Then initialize at process start:

ts
// index.ts
import { initTracing } from './instrumentation/otel';
initTracing();

In Python, a similar setup:

python
# instrumentation/otel.py
from opentelemetry import trace
from opentelemetry.sdk.resources import Resource
from opentelemetry.sdk.trace import TracerProvider
from opentelemetry.sdk.trace.export import BatchSpanProcessor
from opentelemetry.exporter.otlp.proto.http.trace_exporter import OTLPSpanExporter


def init_tracing():
    resource = Resource.create({
        'service.name': 'browser-agent',
        'service.version': '0.1.0',
        'deployment.environment': 'dev',
    })
    provider = TracerProvider(resource=resource)
    exporter = OTLPSpanExporter(endpoint='http://localhost:4318/v1/traces')
    provider.add_span_processor(BatchSpanProcessor(exporter))
    trace.set_tracer_provider(provider)

Instrumenting CDP (Puppeteer/Playwright)

CDP exposes domains for Network, Page, Runtime, DOM, Input, etc. We’ll capture high-level commands as spans and record low-level events as span events with structured attributes. The goal is to avoid a flood of spans but retain enough detail for root-cause analysis.
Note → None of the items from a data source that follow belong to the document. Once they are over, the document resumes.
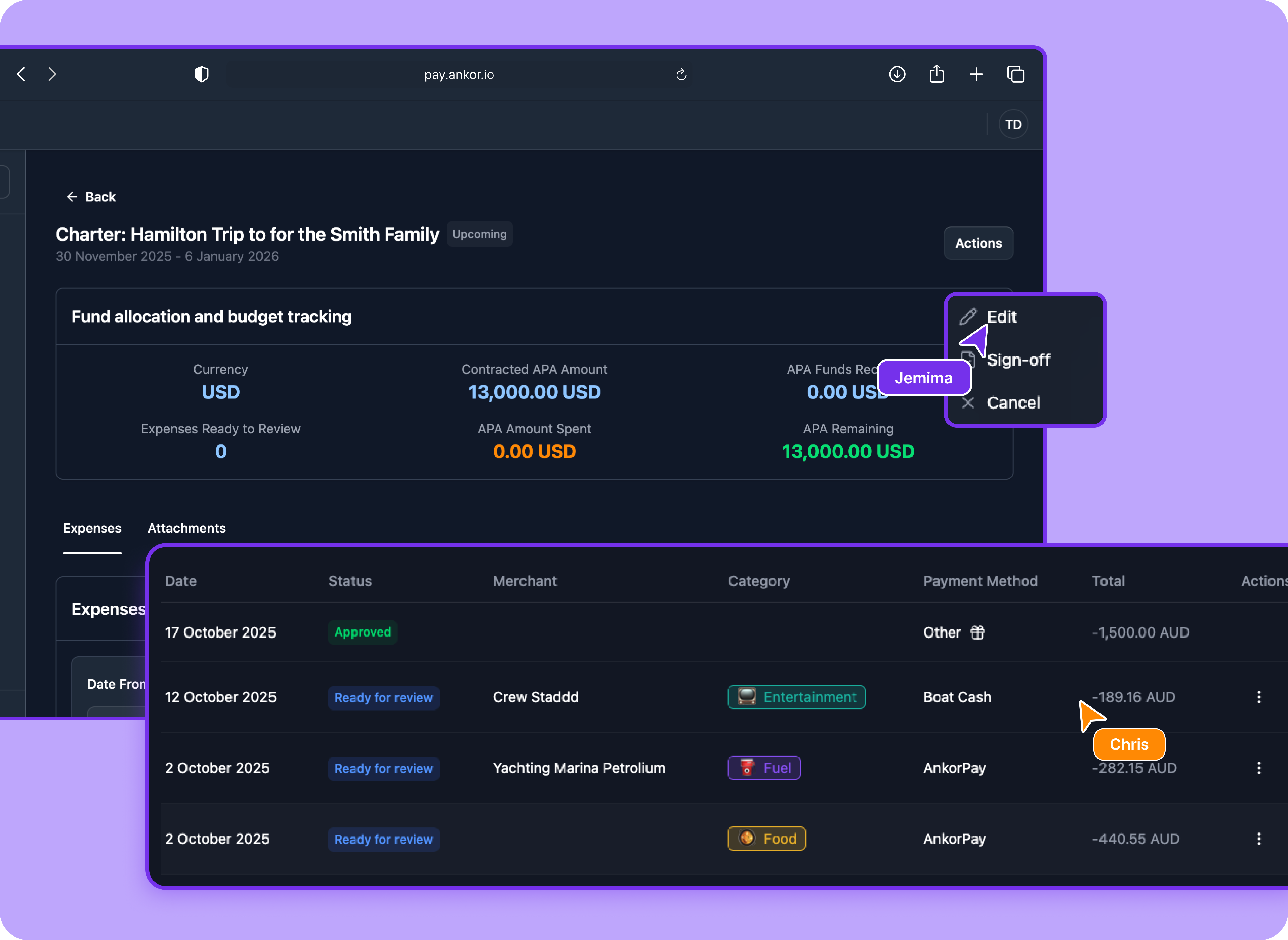 Segmented expenses held within Charters means you can quickly reconcile all spending for your advanced provisioning allowance.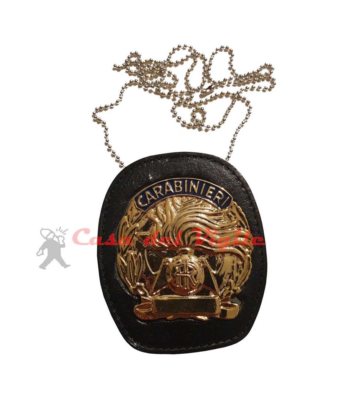 Porta placca in pelle da collo o cintura con placca Carabinieri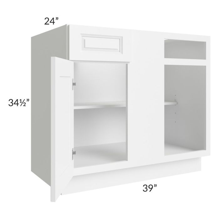 1 door blind base corner cabinet. The actual width is 39" however it will take up a minimum of 42" of wall space and can be pulled up to 45". This cabinet has 1 drawer and is reversible. The door/drawer width is 14-9/16”, blind opening is 11 7/8”. The drawer and door opening will be 3" less than the width of the door and drawer front. A filler will be needed between the blind and adjacent cabinet to ensure the drawer and door open properly; the filler must be purchased separately.

Playwright example with CDP events

ts
import { chromium } from 'playwright';
import { context as otContext, trace, SpanStatusCode } from '@opentelemetry/api';

const tracer = trace.getTracer('browser-agent');

export async function runNavigation(url: string, headers?: Record<string, string>) {
  const browser = await chromium.launch({ headless: true });
  const context = await browser.newContext({
    userAgent: 'Mozilla/5.0 (X11; Linux x86_64) AppleWebKit/537.36 ' +
               '(KHTML, like Gecko) Chrome/121.0.0.0 Safari/537.36',
    extraHTTPHeaders: headers || {}
  });
  const page = await context.newPage();

  // Attach CDP session to observe Network events
  const session = await context.newCDPSession(page);
  await session.send('Network.enable');

  const span = tracer.startSpan('browser.navigate', {
    attributes: {
      'browser.protocol': 'cdp',
      'browser.target.url': url,
      'user_agent.original': await page.evaluate(() => navigator.userAgent)
    }
  });

  // Listen to request lifecycle
  session.on('Network.requestWillBeSent', (evt: any) => {
    span.addEvent('network.request', {
      'http.request.method': evt.request?.method,
      'url.full': evt.request?.url,
      'network.requestId': evt.requestId,
      'network.initiator.type': evt.initiator?.type
    });
  });

  session.on('Network.responseReceived', (evt: any) => {
    span.addEvent('network.response', {
      'http.response.status_code': evt.response?.status,
      'url.full': evt.response?.url,
      'network.requestId': evt.requestId,
      'response.mime_type': evt.response?.mimeType
    });
  });

  try {
    await page.goto(url, { waitUntil: 'networkidle' });
    span.setAttribute('browser.page.title', await page.title());
    span.addEvent('dom.load', {
      'document.ready_state': await page.evaluate(() => document.readyState)
    });
    span.setStatus({ code: SpanStatusCode.OK });
  } catch (err: any) {
    span.recordException(err);
    span.setStatus({ code: SpanStatusCode.ERROR, message: err?.message });
  } finally {
    span.end();
    await browser.close();
  }
}

Notes:

Use a single span per high-level navigation, add CDP events as span events. This is sufficient for most debugging without exploding span counts.
For large pages, consider sampling subresource events (e.g., only fonts/scripts/images with status >= 400 or content-type of interest).
Record the chosen User-Agent string and, if possible, Client Hints seen in responses (more below).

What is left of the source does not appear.